:: Data

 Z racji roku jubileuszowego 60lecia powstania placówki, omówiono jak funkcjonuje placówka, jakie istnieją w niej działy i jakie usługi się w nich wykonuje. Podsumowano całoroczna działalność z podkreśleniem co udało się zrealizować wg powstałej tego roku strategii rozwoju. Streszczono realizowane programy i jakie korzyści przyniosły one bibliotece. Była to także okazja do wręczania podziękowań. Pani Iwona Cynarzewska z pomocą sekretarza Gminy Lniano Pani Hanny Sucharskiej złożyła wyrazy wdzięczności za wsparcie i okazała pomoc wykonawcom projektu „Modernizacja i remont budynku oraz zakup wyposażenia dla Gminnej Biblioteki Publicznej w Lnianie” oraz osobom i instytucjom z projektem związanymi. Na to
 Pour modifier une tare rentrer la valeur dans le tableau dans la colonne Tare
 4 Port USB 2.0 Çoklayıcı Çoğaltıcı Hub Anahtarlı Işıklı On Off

::::
:: Data

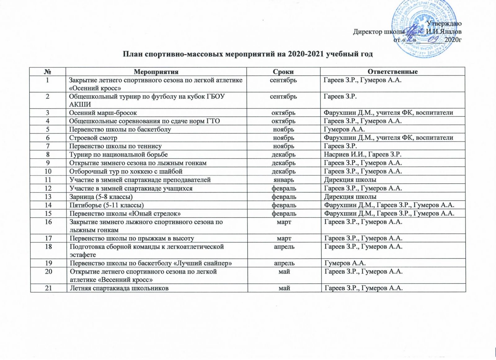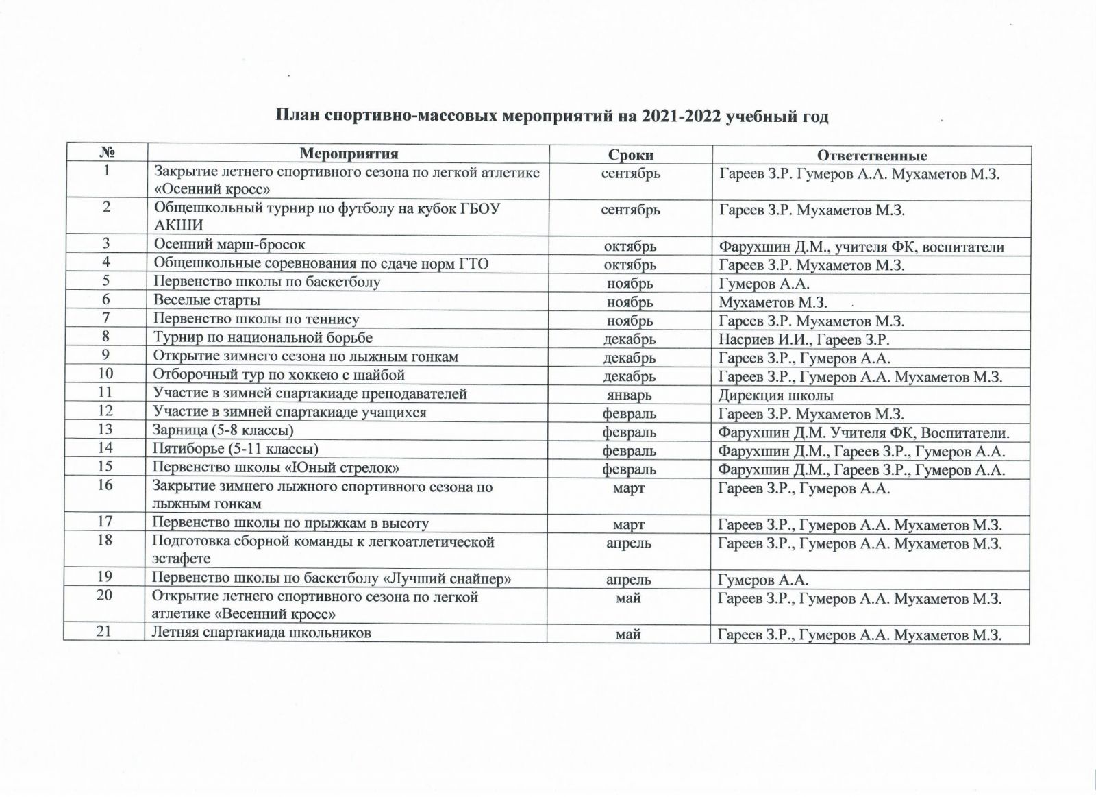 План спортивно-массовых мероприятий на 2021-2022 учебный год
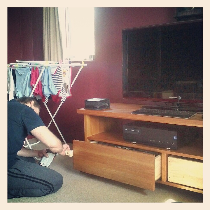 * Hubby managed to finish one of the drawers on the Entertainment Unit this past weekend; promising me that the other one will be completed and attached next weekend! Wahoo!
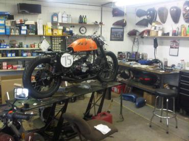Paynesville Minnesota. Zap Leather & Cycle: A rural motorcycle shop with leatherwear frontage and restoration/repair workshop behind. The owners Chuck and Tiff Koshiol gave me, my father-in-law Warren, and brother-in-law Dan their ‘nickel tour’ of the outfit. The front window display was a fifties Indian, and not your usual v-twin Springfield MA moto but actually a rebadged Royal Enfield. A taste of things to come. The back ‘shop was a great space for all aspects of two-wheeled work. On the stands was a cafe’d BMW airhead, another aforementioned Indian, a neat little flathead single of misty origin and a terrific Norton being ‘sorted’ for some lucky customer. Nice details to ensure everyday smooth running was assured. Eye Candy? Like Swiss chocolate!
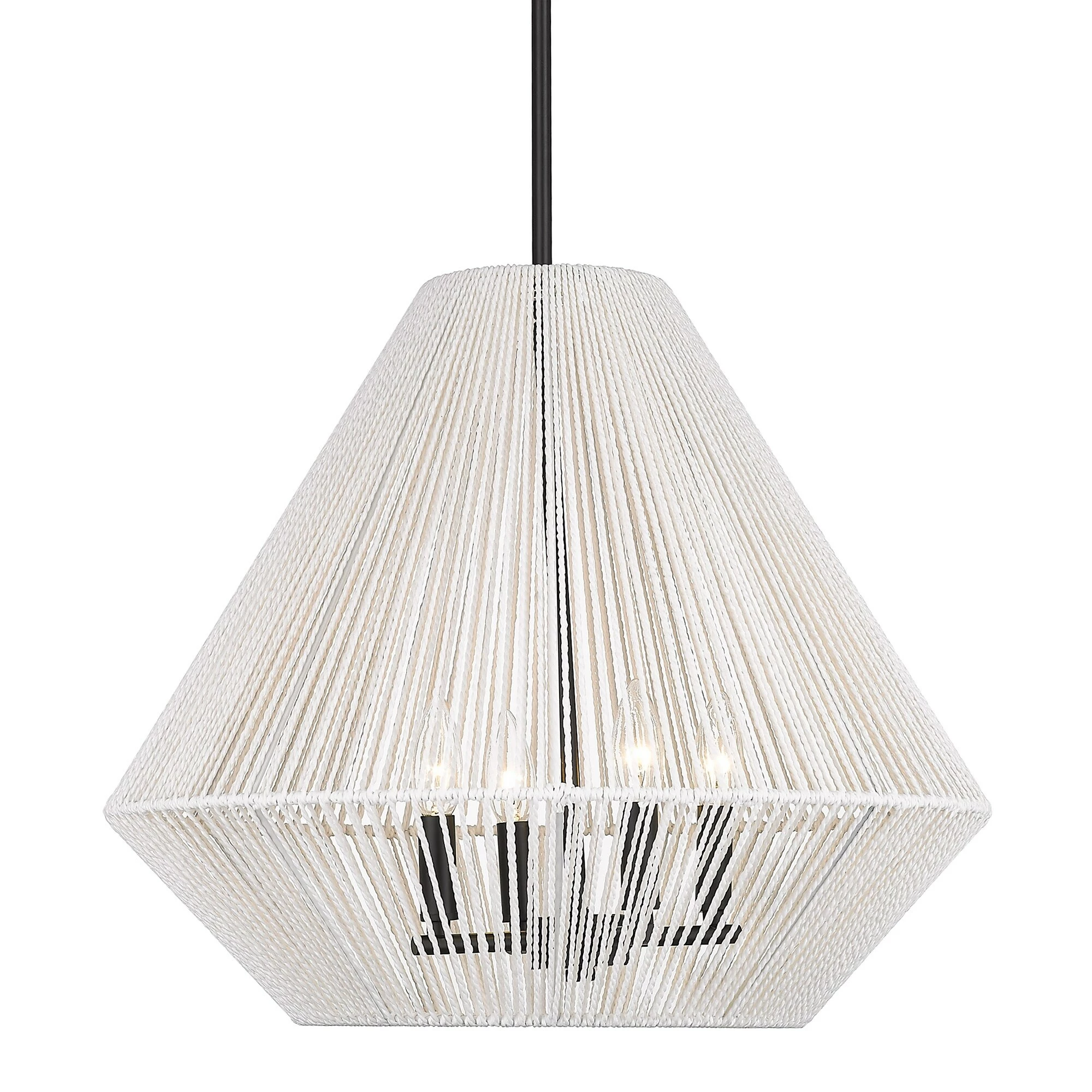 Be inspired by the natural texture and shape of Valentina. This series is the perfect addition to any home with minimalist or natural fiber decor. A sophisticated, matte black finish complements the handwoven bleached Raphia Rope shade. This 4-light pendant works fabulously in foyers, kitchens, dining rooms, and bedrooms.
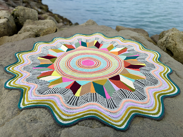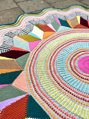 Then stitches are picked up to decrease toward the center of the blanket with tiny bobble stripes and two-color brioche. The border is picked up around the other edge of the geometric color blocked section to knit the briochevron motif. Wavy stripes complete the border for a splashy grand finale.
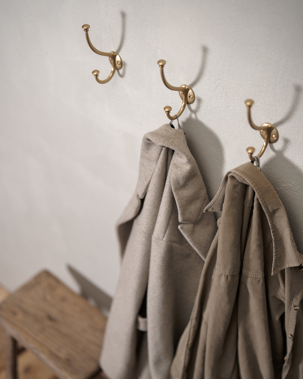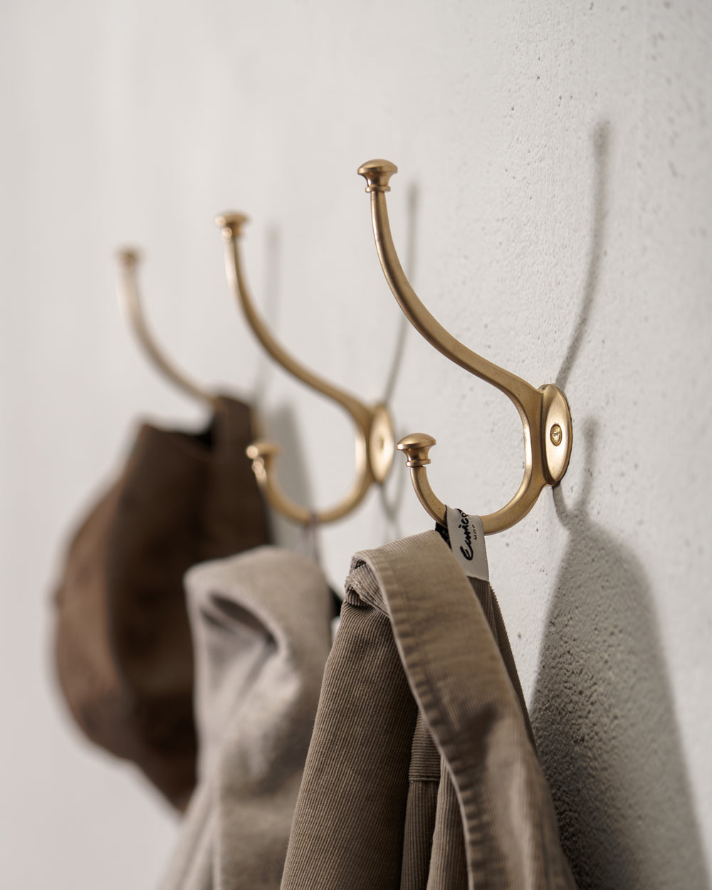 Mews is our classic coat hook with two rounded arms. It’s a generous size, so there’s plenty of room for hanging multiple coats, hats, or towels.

::::
:: Data

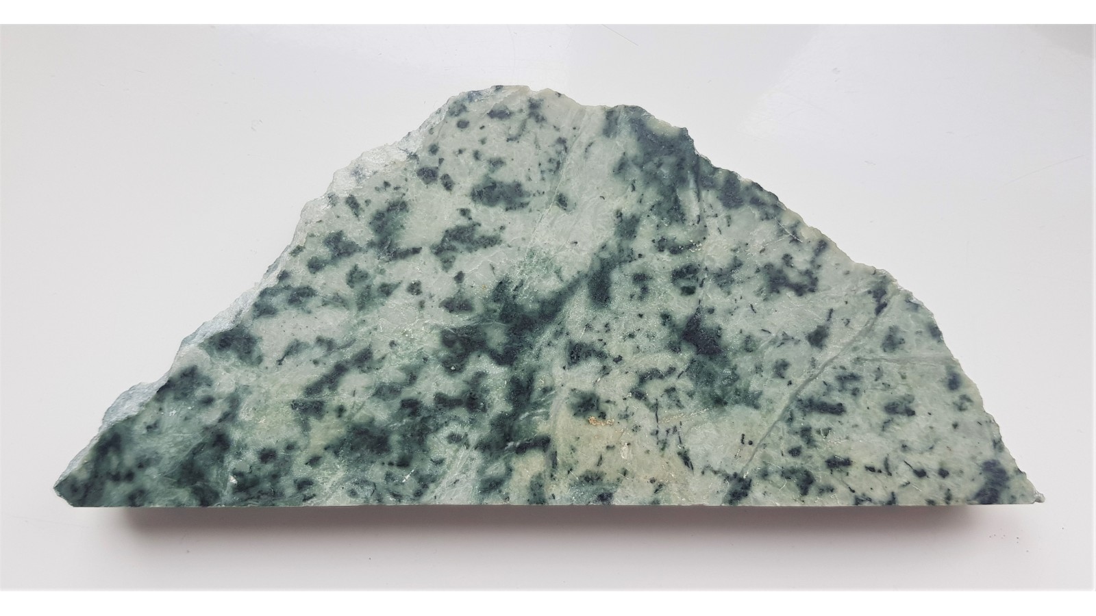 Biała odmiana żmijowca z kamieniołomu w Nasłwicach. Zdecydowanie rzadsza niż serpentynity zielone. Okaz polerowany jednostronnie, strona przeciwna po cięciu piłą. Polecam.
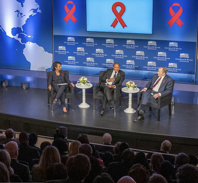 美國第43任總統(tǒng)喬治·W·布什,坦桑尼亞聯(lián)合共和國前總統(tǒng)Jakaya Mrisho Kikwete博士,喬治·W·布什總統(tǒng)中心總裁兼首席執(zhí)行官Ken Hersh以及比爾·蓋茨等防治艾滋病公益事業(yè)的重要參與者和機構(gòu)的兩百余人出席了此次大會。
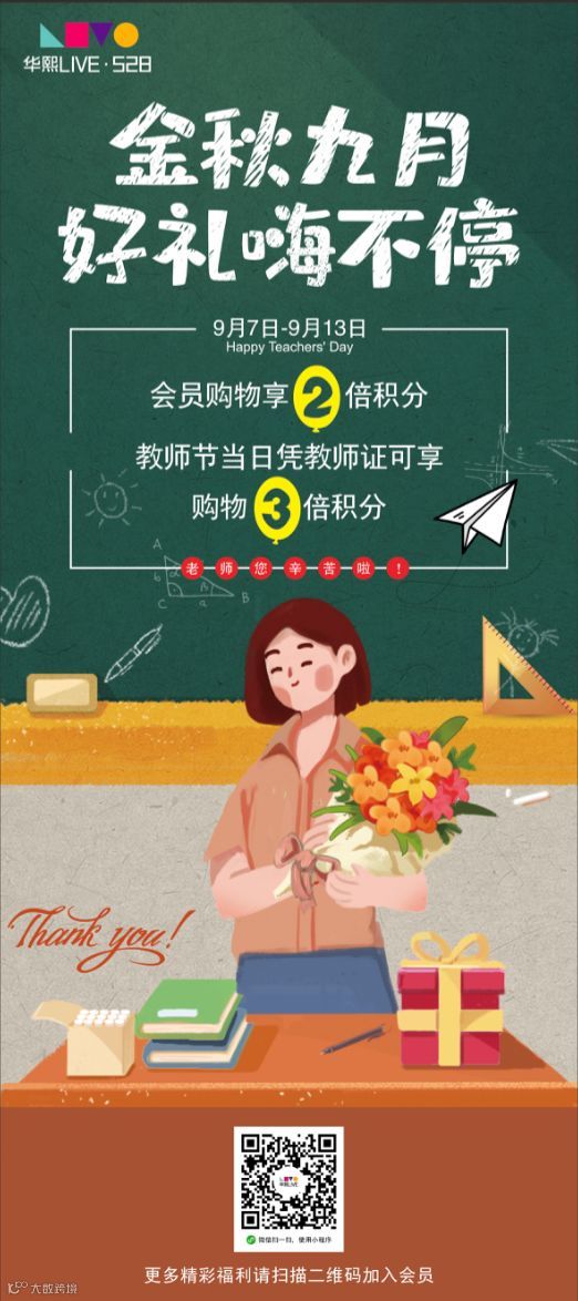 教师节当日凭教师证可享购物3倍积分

::::

-- Problem to work on --
Keep to the stretch from the line containing "План спортивно-массовых мероприятий" through the line containing "Mews is our", both ends included, and copy it exactly from the listing above, minus the pictures.

-- Exercise response --
 План спортивно-массовых мероприятий на 2021-2022 учебный год
 * Hubby managed to finish one of the drawers on the Entertainment Unit this past weekend; promising me that the other one will be completed and attached next weekend! Wahoo!
Paynesville Minnesota. Zap Leather & Cycle: A rural motorcycle shop with leatherwear frontage and restoration/repair workshop behind. The owners Chuck and Tiff Koshiol gave me, my father-in-law Warren, and brother-in-law Dan their ‘nickel tour’ of the outfit. The front window display was a fifties Indian, and not your usual v-twin Springfield MA moto but actually a rebadged Royal Enfield. A taste of things to come. The back ‘shop was a great space for all aspects of two-wheeled work. On the stands was a cafe’d BMW airhead, another aforementioned Indian, a neat little flathead single of misty origin and a terrific Norton being ‘sorted’ for some lucky customer. Nice details to ensure everyday smooth running was assured. Eye Candy? Like Swiss chocolate!
 Be inspired by the natural texture and shape of Valentina. This series is the perfect addition to any home with minimalist or natural fiber decor. A sophisticated, matte black finish complements the handwoven bleached Raphia Rope shade. This 4-light pendant works fabulously in foyers, kitchens, dining rooms, and bedrooms.
 Then stitches are picked up to decrease toward the center of the blanket with tiny bobble stripes and two-color brioche. The border is picked up around the other edge of the geometric color blocked section to knit the briochevron motif. Wavy stripes complete the border for a splashy grand finale.
 Mews is our classic coat hook with two rounded arms. It’s a generous size, so there’s plenty of room for hanging multiple coats, hats, or towels.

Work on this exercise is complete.